Instructions for the task: As you work through the listing below, copy each line exactly and drop the images.

Dataset excerpt:
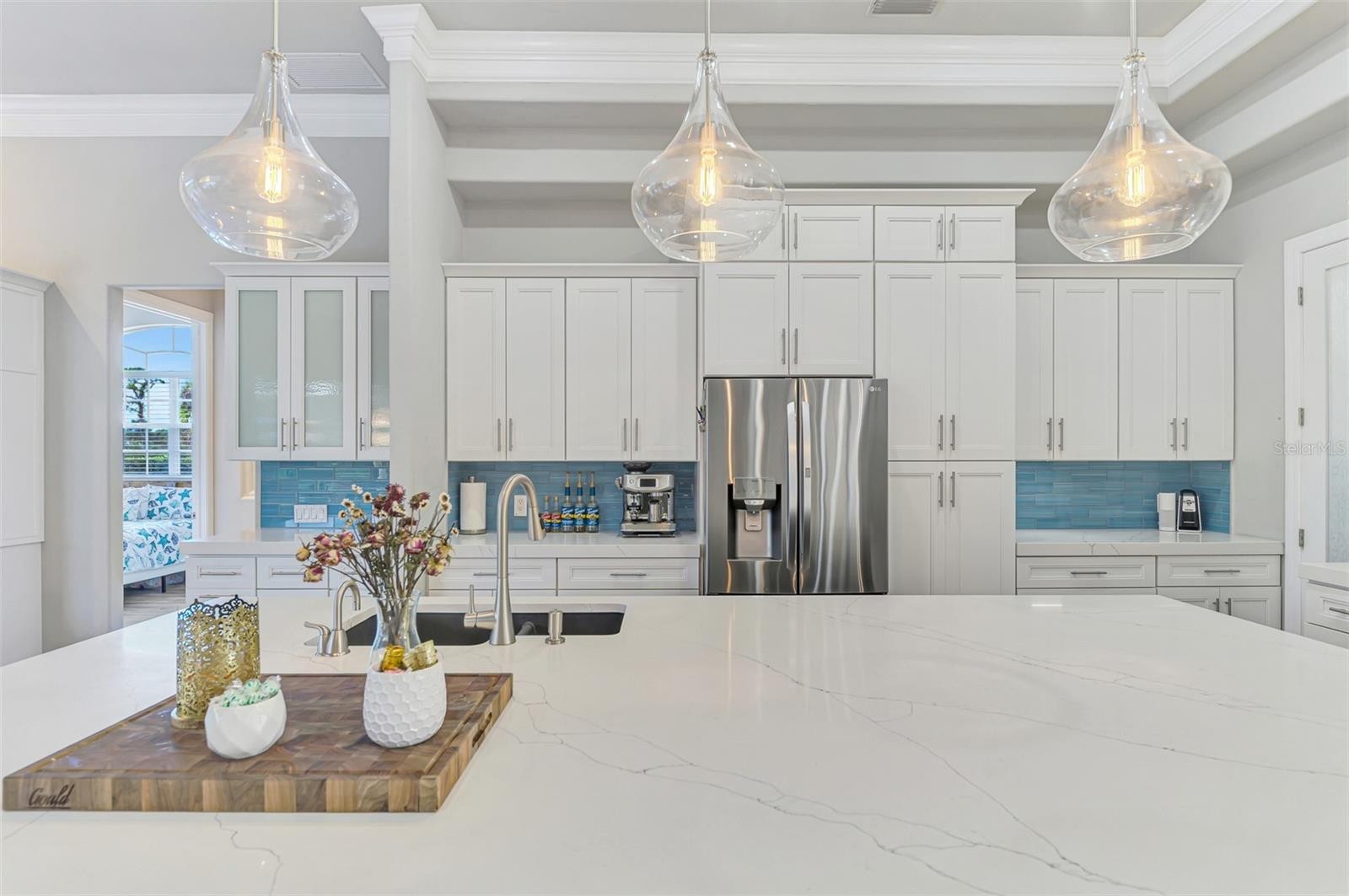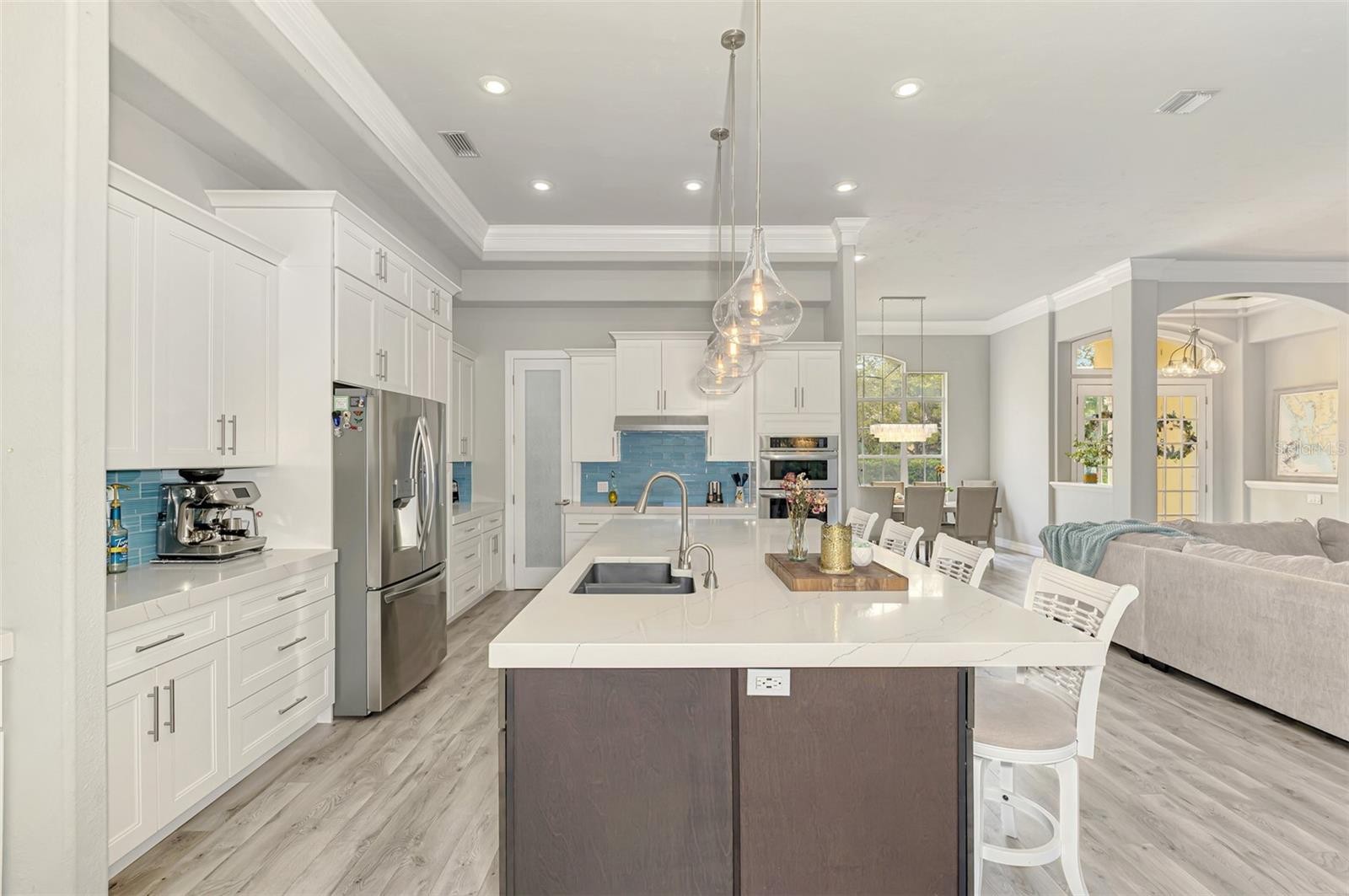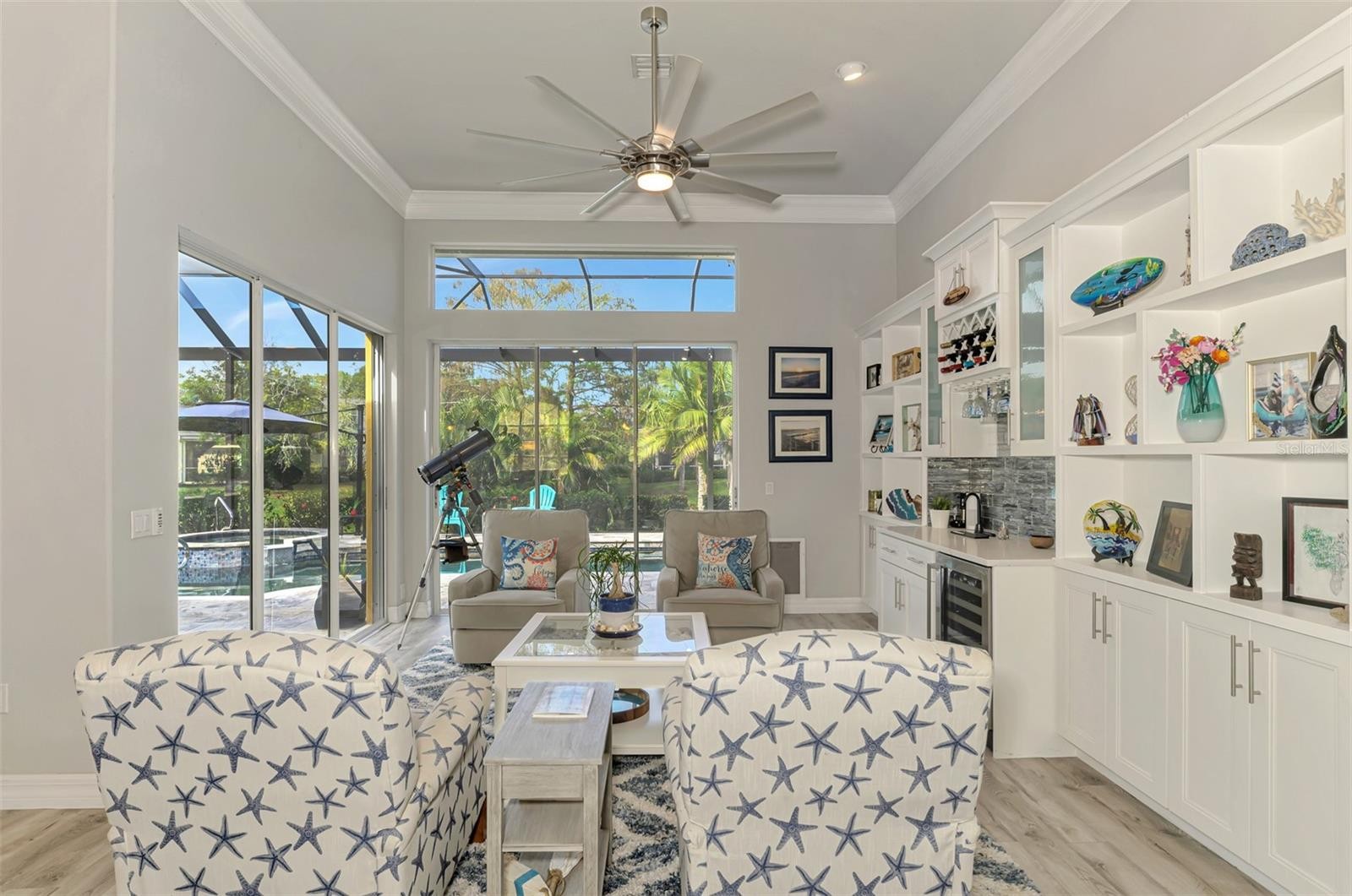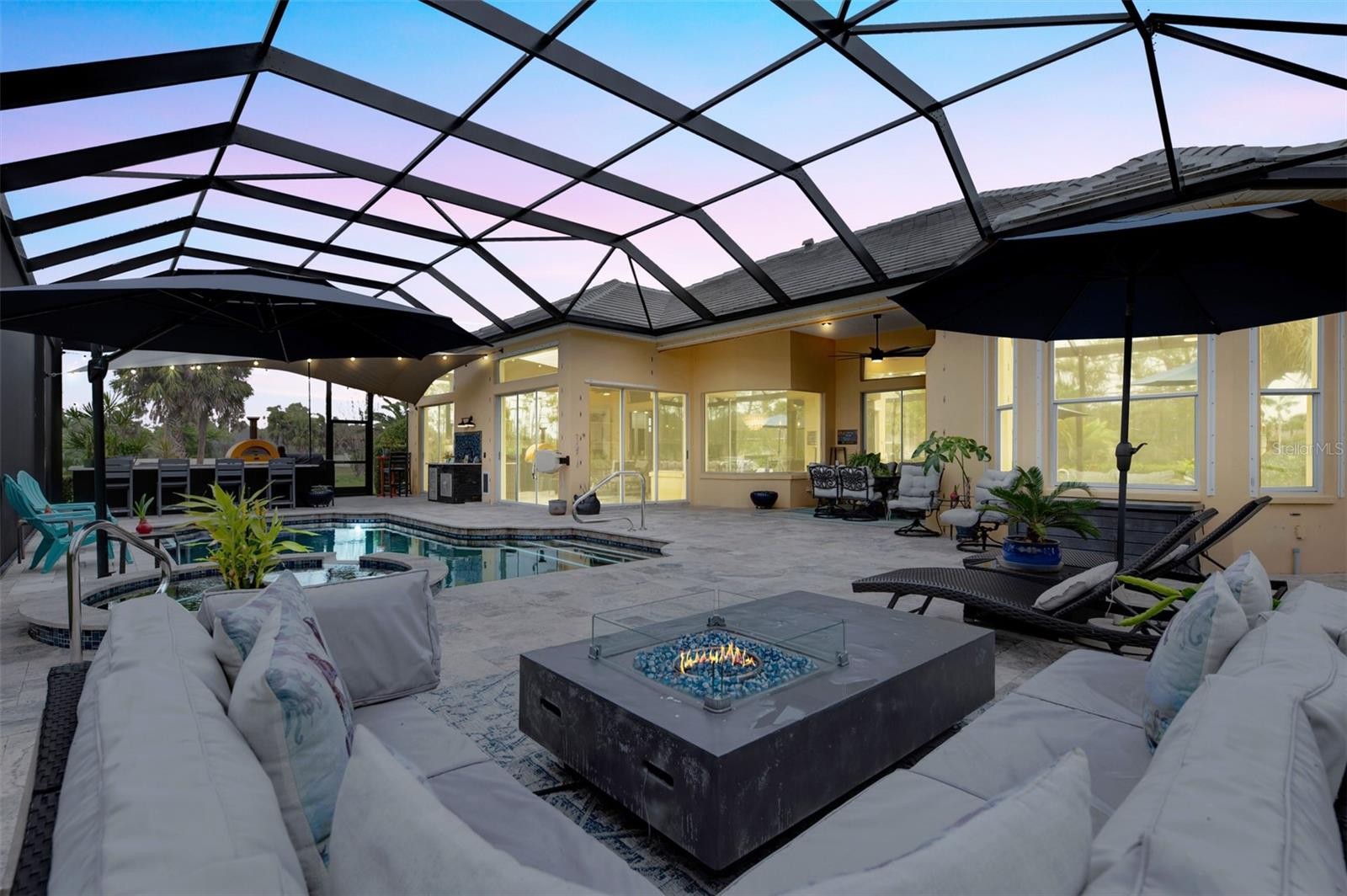 Welcome to this beautifully updated 3-bedroom, 2-bath home located in the highly desirable gated community of Boca Royale. Offering 2,819 square feet of living space and situated on a spacious half-acre lot with 211 feet of serene water frontage, this home combines luxury, comfort, and breathtaking views. Recent upgrades provide peace of mind and modern style, including a new tile roof (2024), new AC (2025), Storm Smart Screens throughout (2025), a new travertine lanai and panoramic view pool cage (2023), resurfaced pool and spa (2022), and an outdoor kitchen added in 2023. Inside, the home features new luxury plank vinyl flooring throughout, soaring ceilings, crown molding, ceiling fans, transom windows, and five sets of sliding glass doors that open to the expansive lanai and stunning water views. The updated chef’s kitchen is truly a standout with quartz countertops, glass hand painted backsplash, induction cooktop, built-in oven and microwave, built-in ice maker, baker’s lift for your stand mixer, and a large walk-in pantry. The breakfast nook features an aquarium window showcasing spectacular water views. The spacious family room and living room both offer sliding doors to the lanai and pool area, creating seamless indoor-outdoor living. The living room also includes built-in shelving and a dry bar with liquor dispenser and wine refrigerator, perfect for entertaining. A formal dining room with large sunlit windows, dedicated desk area for working from home, and a laundry room with abundant cabinetry and storage add convenience and functionality. The expansive primary suite highlighted by a wall of windows and a cozy built-in bench seat, creates the perfect nook for reading and relaxation, sliding doors to the pool and lanai, and two walk-in closets. The ensuite bath offers dual vanities, a relaxing soaking tub, and a separate shower. Two generous guest bedrooms provide comfort for family and visitors, with one offering direct access to the pool and lanai. Step outside to an entertainer’s dream featuring plenty of seating areas, a saltwater heated pool and spa recently resurfaced, and a beautiful outdoor kitchen with granite countertops. The expansive travertine lanai and panoramic pool cage create the perfect setting to relax or host gatherings while enjoying tranquil panoramic water views. The property also features a butterfly garden, fruit trees, and mature landscaping that enhance the peaceful Florida setting. Located in Boca Royale, a gated community with a 24-hour guard, this home offers an exceptional Florida lifestyle in a beautifully maintained neighborhood.
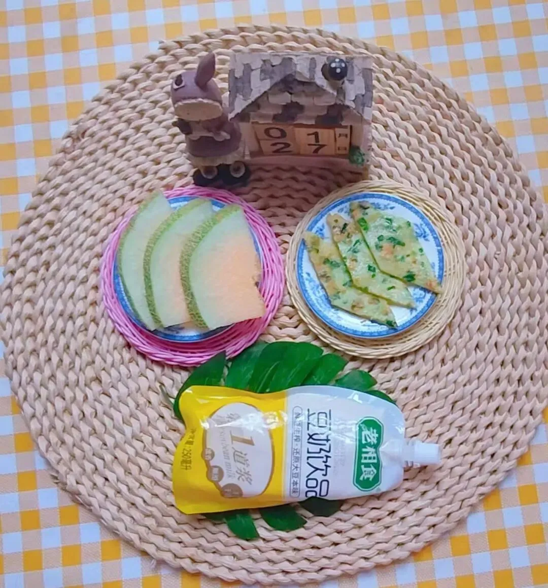 韭菜鸡蛋饼、哈密瓜、豆奶
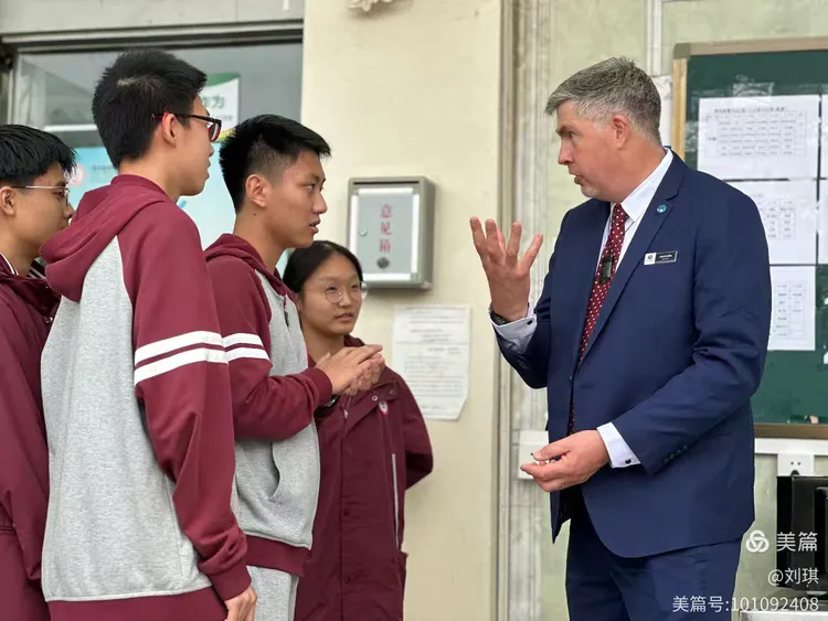 2024年11月8日上午,来自新西兰Kaiapoi High School(译:卡亚波伊)高中校长Jason Reid 先生,国际部主任白宇先生在区教育局副局长周鸣、综合教育科主任田守凤、国际教育人员郭敏姗的陪同下,来到我校交流访问。

Answer box:
 Welcome to this beautifully updated 3-bedroom, 2-bath home located in the highly desirable gated community of Boca Royale. Offering 2,819 square feet of living space and situated on a spacious half-acre lot with 211 feet of serene water frontage, this home combines luxury, comfort, and breathtaking views. Recent upgrades provide peace of mind and modern style, including a new tile roof (2024), new AC (2025), Storm Smart Screens throughout (2025), a new travertine lanai and panoramic view pool cage (2023), resurfaced pool and spa (2022), and an outdoor kitchen added in 2023. Inside, the home features new luxury plank vinyl flooring throughout, soaring ceilings, crown molding, ceiling fans, transom windows, and five sets of sliding glass doors that open to the expansive lanai and stunning water views. The updated chef’s kitchen is truly a standout with quartz countertops, glass hand painted backsplash, induction cooktop, built-in oven and microwave, built-in ice maker, baker’s lift for your stand mixer, and a large walk-in pantry. The breakfast nook features an aquarium window showcasing spectacular water views. The spacious family room and living room both offer sliding doors to the lanai and pool area, creating seamless indoor-outdoor living. The living room also includes built-in shelving and a dry bar with liquor dispenser and wine refrigerator, perfect for entertaining. A formal dining room with large sunlit windows, dedicated desk area for working from home, and a laundry room with abundant cabinetry and storage add convenience and functionality. The expansive primary suite highlighted by a wall of windows and a cozy built-in bench seat, creates the perfect nook for reading and relaxation, sliding doors to the pool and lanai, and two walk-in closets. The ensuite bath offers dual vanities, a relaxing soaking tub, and a separate shower. Two generous guest bedrooms provide comfort for family and visitors, with one offering direct access to the pool and lanai. Step outside to an entertainer’s dream featuring plenty of seating areas, a saltwater heated pool and spa recently resurfaced, and a beautiful outdoor kitchen with granite countertops. The expansive travertine lanai and panoramic pool cage create the perfect setting to relax or host gatherings while enjoying tranquil panoramic water views. The property also features a butterfly garden, fruit trees, and mature landscaping that enhance the peaceful Florida setting. Located in Boca Royale, a gated community with a 24-hour guard, this home offers an exceptional Florida lifestyle in a beautifully maintained neighborhood.
 韭菜鸡蛋饼、哈密瓜、豆奶
 2024年11月8日上午,来自新西兰Kaiapoi High School(译:卡亚波伊)高中校长Jason Reid 先生,国际部主任白宇先生在区教育局副局长周鸣、综合教育科主任田守凤、国际教育人员郭敏姗的陪同下,来到我校交流访问。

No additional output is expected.